__RECORDS PROVIDED__
--- --- ---

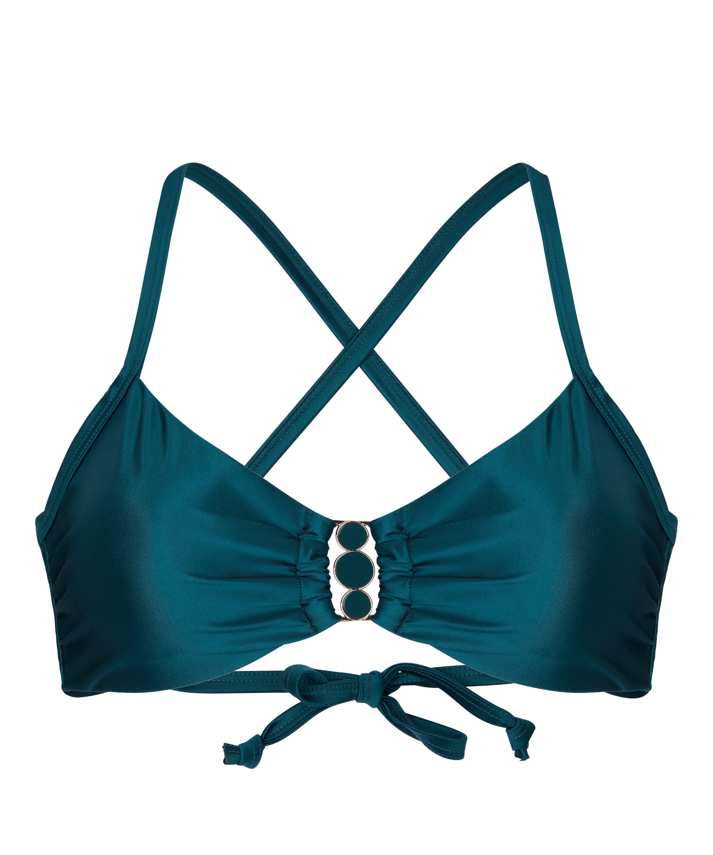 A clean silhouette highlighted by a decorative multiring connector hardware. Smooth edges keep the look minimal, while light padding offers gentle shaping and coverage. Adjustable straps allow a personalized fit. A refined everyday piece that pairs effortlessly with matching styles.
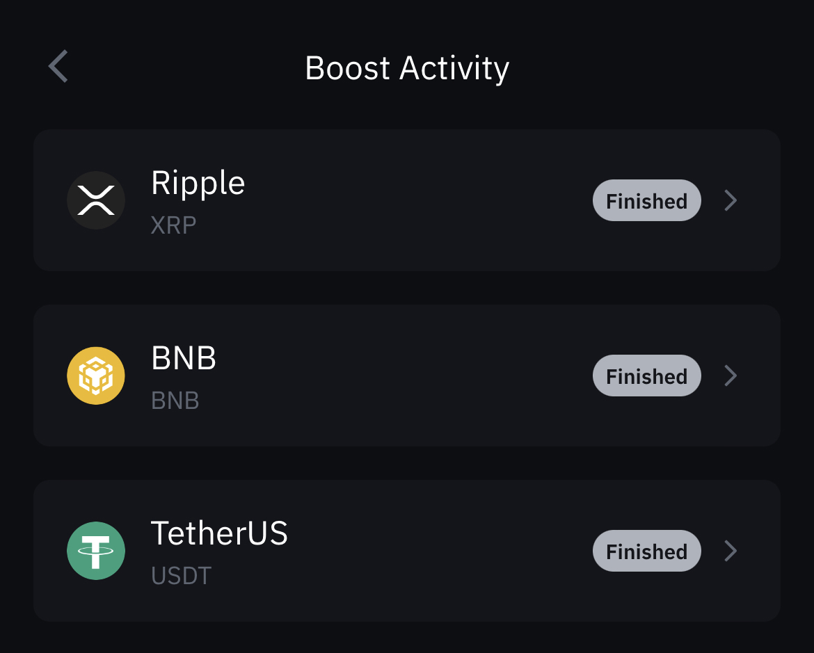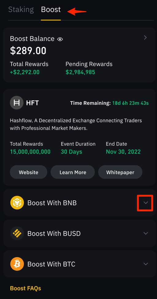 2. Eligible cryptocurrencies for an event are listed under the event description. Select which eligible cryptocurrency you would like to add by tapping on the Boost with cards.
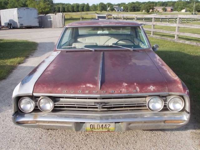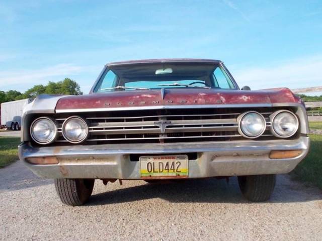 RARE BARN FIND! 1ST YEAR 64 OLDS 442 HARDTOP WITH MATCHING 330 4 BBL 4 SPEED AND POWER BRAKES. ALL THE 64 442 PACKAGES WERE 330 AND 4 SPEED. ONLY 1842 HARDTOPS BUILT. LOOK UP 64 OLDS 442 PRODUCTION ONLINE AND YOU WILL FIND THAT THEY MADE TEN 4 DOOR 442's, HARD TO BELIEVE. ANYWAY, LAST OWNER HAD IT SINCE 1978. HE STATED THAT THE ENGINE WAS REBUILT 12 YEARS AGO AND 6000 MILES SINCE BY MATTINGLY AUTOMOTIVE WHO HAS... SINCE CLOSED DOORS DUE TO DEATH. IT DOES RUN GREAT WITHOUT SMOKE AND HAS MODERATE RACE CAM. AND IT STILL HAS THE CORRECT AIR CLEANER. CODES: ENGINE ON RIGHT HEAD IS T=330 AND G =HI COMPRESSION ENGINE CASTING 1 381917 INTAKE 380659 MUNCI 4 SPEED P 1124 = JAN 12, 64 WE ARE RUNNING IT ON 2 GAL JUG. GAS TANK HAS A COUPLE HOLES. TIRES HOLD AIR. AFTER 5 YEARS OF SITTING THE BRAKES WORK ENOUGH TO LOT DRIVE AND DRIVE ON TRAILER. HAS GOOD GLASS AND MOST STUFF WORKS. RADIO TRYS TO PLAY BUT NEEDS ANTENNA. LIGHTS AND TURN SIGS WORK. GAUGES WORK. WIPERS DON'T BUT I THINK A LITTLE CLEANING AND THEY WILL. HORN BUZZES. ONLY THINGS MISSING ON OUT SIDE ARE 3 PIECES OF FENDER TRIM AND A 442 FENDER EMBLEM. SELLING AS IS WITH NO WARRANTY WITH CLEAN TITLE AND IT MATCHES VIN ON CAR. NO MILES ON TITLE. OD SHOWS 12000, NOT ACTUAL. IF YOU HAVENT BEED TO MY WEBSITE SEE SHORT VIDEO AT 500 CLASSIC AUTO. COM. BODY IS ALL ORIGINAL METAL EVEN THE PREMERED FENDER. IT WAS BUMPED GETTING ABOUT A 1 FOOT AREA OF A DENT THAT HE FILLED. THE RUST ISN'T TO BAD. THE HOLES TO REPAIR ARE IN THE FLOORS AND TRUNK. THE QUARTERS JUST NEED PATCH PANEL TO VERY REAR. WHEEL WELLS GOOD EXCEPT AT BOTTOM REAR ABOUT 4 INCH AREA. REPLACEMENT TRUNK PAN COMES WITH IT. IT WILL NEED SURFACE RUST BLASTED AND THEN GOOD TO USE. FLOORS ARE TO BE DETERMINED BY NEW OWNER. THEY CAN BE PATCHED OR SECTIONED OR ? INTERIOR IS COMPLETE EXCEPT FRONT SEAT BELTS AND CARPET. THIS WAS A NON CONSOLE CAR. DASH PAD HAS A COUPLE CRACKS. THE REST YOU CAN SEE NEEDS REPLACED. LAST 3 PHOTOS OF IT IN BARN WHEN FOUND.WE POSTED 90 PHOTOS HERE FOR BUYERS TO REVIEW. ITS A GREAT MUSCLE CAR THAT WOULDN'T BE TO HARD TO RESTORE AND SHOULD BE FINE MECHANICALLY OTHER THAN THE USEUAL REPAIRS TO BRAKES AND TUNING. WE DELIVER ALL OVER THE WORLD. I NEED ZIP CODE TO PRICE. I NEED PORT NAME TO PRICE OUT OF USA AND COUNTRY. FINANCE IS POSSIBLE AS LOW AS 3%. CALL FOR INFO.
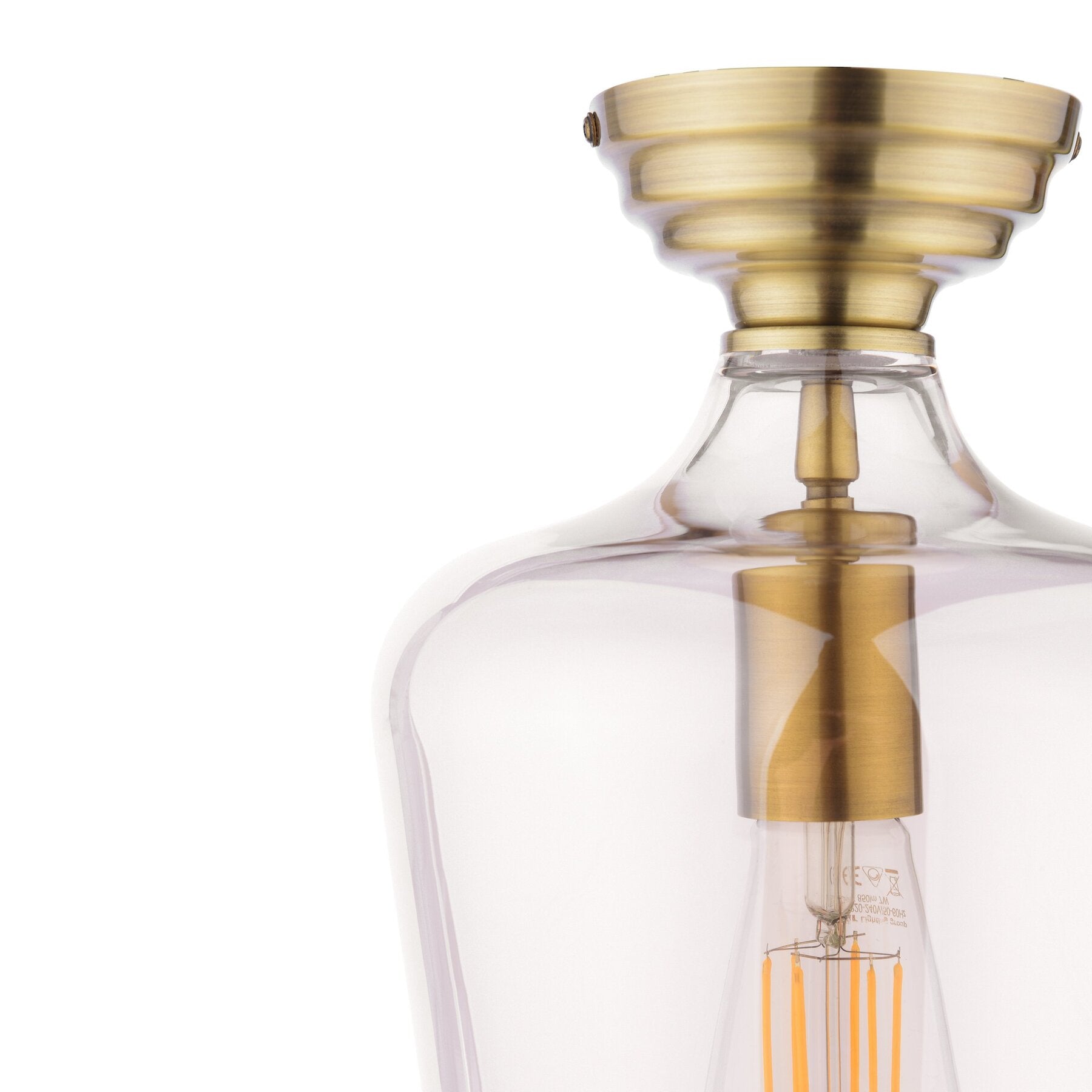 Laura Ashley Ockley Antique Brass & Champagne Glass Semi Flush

--- --- ---

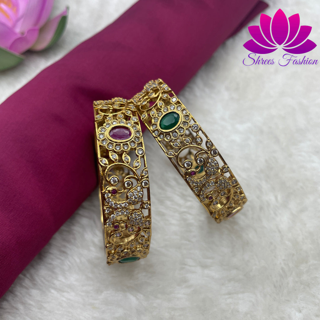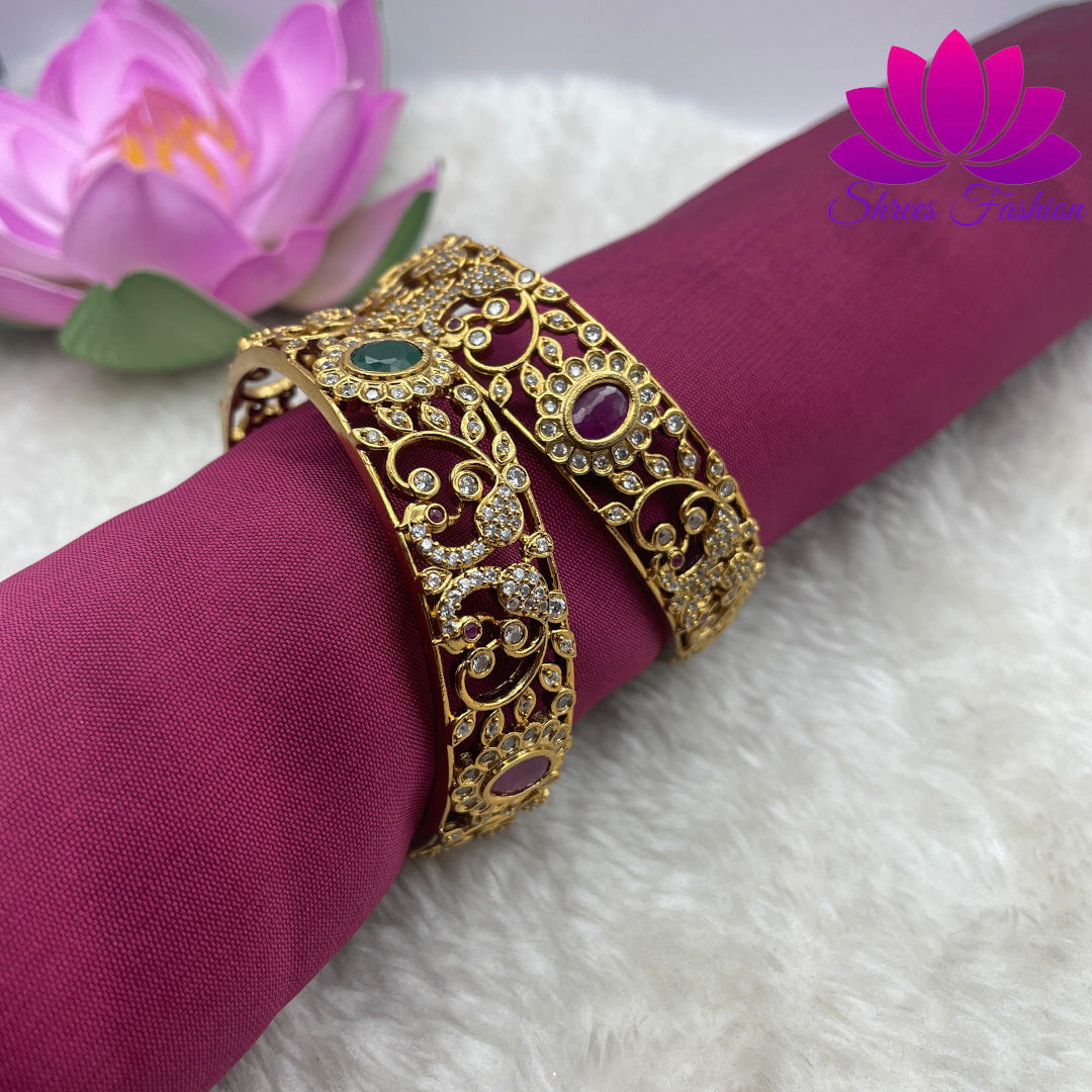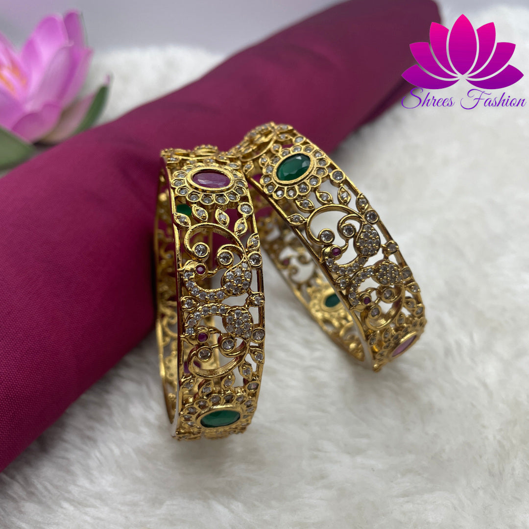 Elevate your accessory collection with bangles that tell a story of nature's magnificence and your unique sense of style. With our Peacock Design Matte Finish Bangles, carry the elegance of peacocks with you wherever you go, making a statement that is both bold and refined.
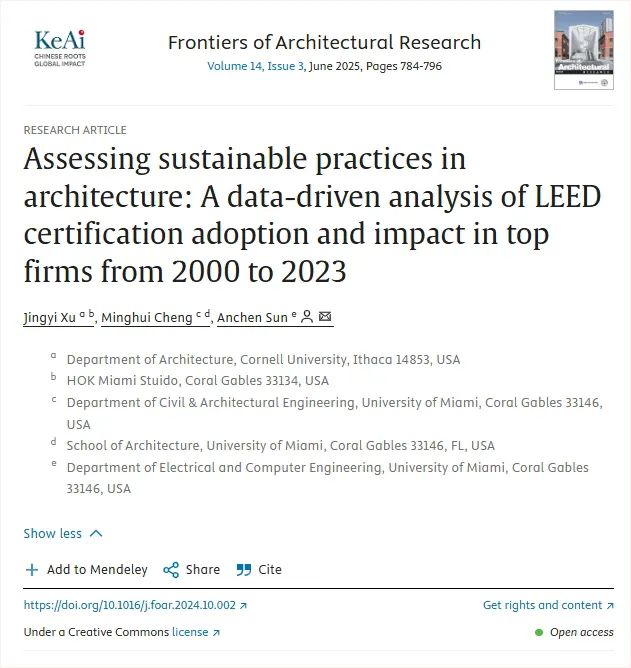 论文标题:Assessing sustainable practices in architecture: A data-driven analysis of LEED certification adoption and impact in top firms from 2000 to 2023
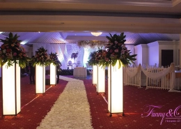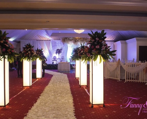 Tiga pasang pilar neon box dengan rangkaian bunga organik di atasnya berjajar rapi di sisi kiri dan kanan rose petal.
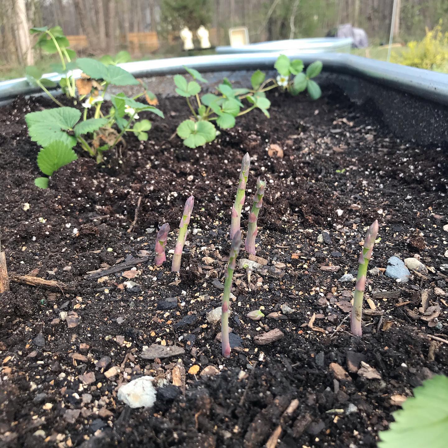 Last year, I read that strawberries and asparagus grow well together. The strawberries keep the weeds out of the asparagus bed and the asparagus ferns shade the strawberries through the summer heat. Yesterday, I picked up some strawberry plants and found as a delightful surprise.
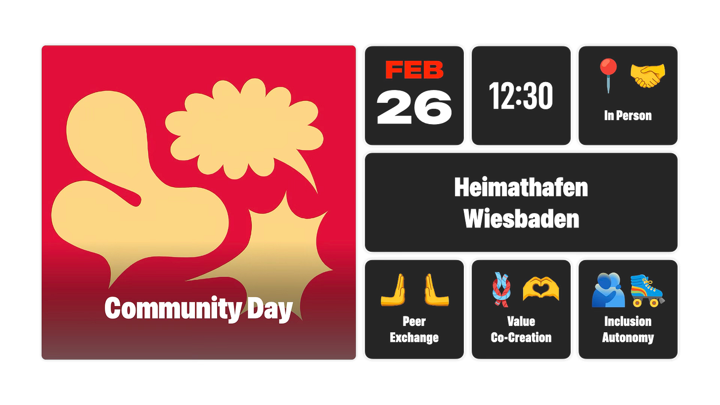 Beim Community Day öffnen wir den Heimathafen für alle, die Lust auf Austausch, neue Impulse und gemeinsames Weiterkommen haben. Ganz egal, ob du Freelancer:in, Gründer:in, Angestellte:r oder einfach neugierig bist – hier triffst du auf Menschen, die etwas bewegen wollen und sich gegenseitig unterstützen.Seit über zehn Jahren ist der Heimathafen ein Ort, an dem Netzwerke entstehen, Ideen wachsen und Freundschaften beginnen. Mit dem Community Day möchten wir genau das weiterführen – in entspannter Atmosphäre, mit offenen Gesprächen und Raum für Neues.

--- --- ---

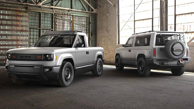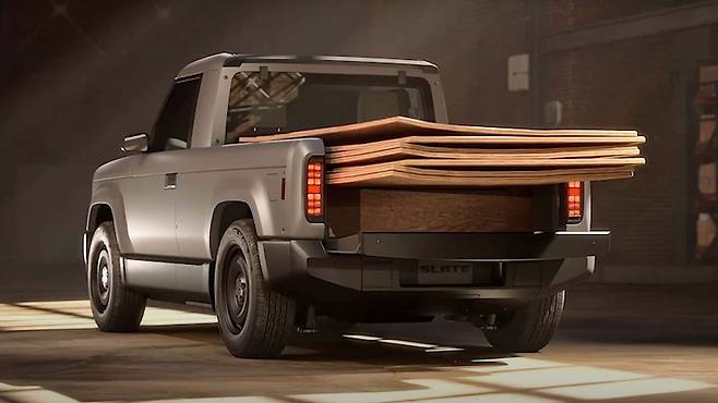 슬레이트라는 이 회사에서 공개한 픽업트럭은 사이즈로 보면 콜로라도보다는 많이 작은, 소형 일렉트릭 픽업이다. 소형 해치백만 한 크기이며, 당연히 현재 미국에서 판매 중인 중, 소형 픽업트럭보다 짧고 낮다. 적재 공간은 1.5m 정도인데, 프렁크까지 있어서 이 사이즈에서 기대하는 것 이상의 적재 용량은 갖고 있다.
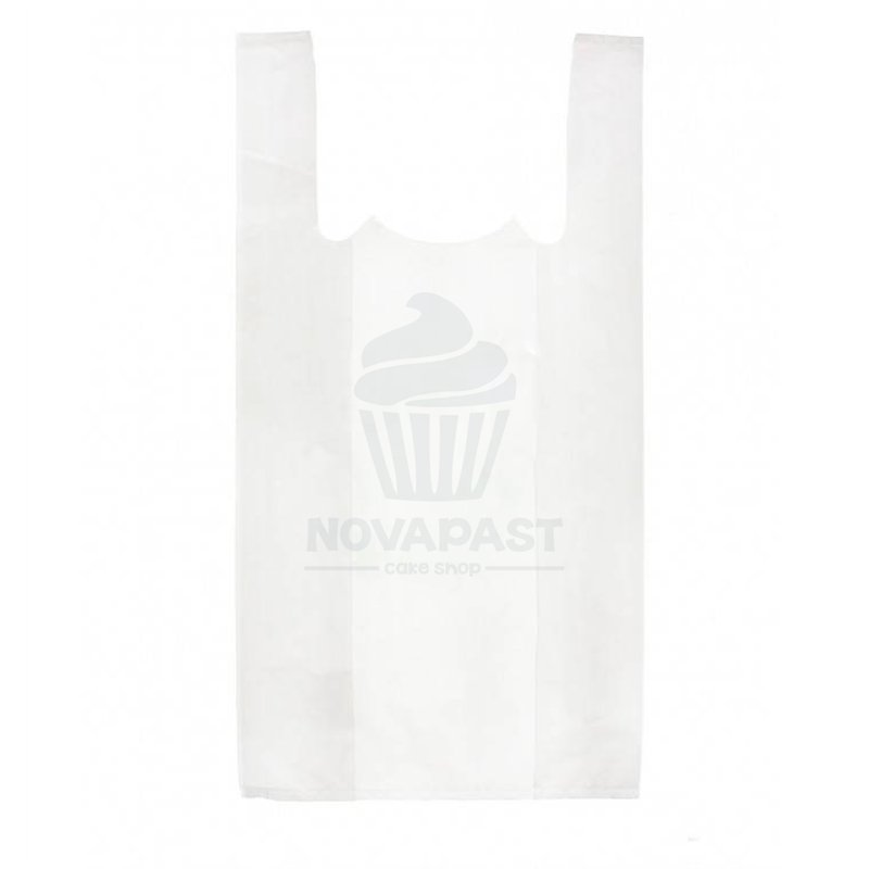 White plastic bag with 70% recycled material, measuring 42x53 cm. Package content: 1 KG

--- --- ---

__AIM OF THE EXERCISE__
From the records above, copy exactly the stretch from the line holding "A clean silhouette" through the line holding "2. Eligible cryptocurrencies", both ends included, without the pictures.

__WRITTEN REPLY__
 A clean silhouette highlighted by a decorative multiring connector hardware. Smooth edges keep the look minimal, while light padding offers gentle shaping and coverage. Adjustable straps allow a personalized fit. A refined everyday piece that pairs effortlessly with matching styles.
 2. Eligible cryptocurrencies for an event are listed under the event description. Select which eligible cryptocurrency you would like to add by tapping on the Boost with cards.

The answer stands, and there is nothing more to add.